Summary and Key Takeaways
The blog captures the remarkable similitudes between COVID-19 testing and software testing, though they address very different domains. The key similitudes for me lie in management of scarce test resources, test automation for rapid feedback, and use of test data for response planning.
The situation on COVID-19 testing and containment is very fluid right now and is changing rapidly. Specifically in the USA, we learnt that the latest projection for COVID-19 fatalities is more than 200,000, a significantly higher number than previously anticipated. Remember, early in March, US healthcare officials predicted a much lower impact?
The most striking takeaway for me is the mis-assessment of the risk and the apparent lack of risk-based testing and containment.
Risk-based testing is a well-established and proven discipline in software engineering that would appear to be very applicable to the COVID-19 situation.

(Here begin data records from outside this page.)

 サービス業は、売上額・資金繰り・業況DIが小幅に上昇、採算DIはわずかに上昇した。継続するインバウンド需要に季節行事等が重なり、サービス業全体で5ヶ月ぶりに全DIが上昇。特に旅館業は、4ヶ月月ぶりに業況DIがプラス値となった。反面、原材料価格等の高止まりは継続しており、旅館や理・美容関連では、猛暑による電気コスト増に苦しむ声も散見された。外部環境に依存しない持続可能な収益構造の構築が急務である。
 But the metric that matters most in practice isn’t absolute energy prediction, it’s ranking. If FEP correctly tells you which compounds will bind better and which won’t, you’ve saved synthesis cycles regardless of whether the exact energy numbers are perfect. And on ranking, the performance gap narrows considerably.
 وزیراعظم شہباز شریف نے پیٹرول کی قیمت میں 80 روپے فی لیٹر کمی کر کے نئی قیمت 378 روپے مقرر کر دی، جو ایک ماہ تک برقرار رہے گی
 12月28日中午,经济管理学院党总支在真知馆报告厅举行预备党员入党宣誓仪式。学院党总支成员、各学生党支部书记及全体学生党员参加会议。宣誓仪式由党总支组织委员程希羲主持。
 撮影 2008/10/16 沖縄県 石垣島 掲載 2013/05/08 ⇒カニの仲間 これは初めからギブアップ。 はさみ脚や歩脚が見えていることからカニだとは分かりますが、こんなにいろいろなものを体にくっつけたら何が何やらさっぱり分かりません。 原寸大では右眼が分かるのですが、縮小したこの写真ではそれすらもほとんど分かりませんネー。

Since as discussed above, it is not practical to test everyone, it would have been preferable for example to focus on testing the highest risk subjects (and folks close to them) first and isolate them accordingly before testing of other sections of the population. These are folks typically in nursing homes and senior care centers. We also learnt that folks in congested low income neighborhoods in inner cities are also more vulnerable. Rigorously testing and sanitizing the “zone of influence” of the most vulnerable populations may have helped to protect those who are most likely to be fatalities. This concept is not new. For example, airports use this technique to rigorously test and sanitize the zone of influence near and in vicinity. Sweden is one country that has adopted this approach successfully, without using extensive social distancing.

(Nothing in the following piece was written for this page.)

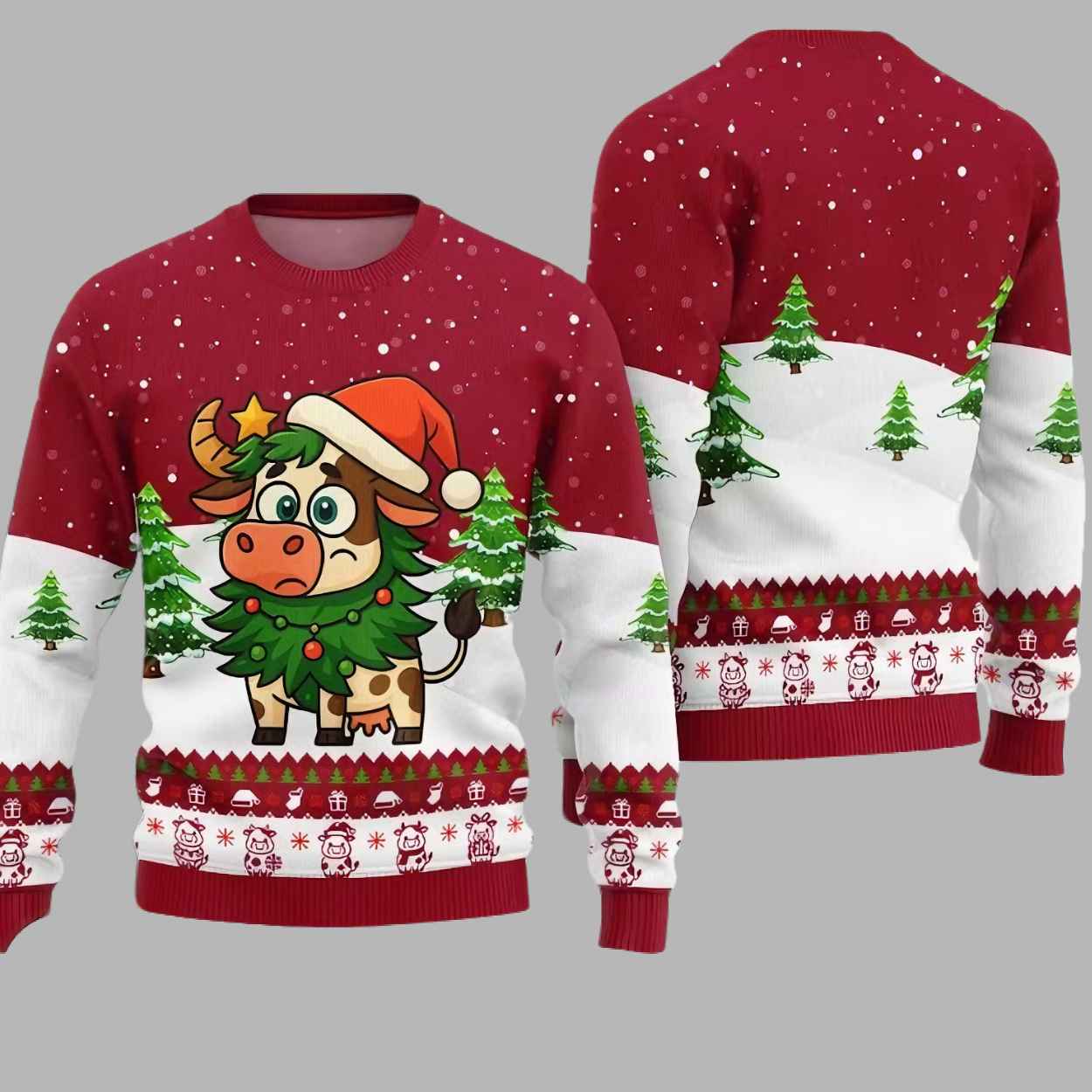 This vibrant red and white sweater captures a whimsical winter scene. The design features a festive landscape of snowy hills and evergreen trees. The central focus is an utterly charming cow wearing a Santa hat and hilariously wrapped in a string of garland and ornaments, transforming it into a living Christmas tree with a star atop its head. The bottom border of the sweater features a classic “ugly sweater” pattern, incorporating snowflakes, gifts, and tiny, stylized cows.

As we build out more distributed and autonomous systems that cross the digital/cyber-physical boundary (for example smart robots or embedded IoT systems like smart pacemakers), we’re likely to see greater intertwining of inter-domain testing disciplines, for example see here. In such systems, the testing approach is a remarkable fusion of techniques in both disciplines. For example: how do detect and contain the spread of a “software” virus in pacemakers that are embedded in human subjects that then endanger the health of the wearers?
As I monitor the COVID-19 situation, especially in the USA, I see other striking similitudes to other aspects of DevOps and Continuous Delivery. Maybe a separate bog in the days to come. Till such time, stay safe and healthy, and get yourself tested (and contained) if you feel unwell.
I would like to thank my colleague Paul Meresanu for his valuable guidance in improving the blog.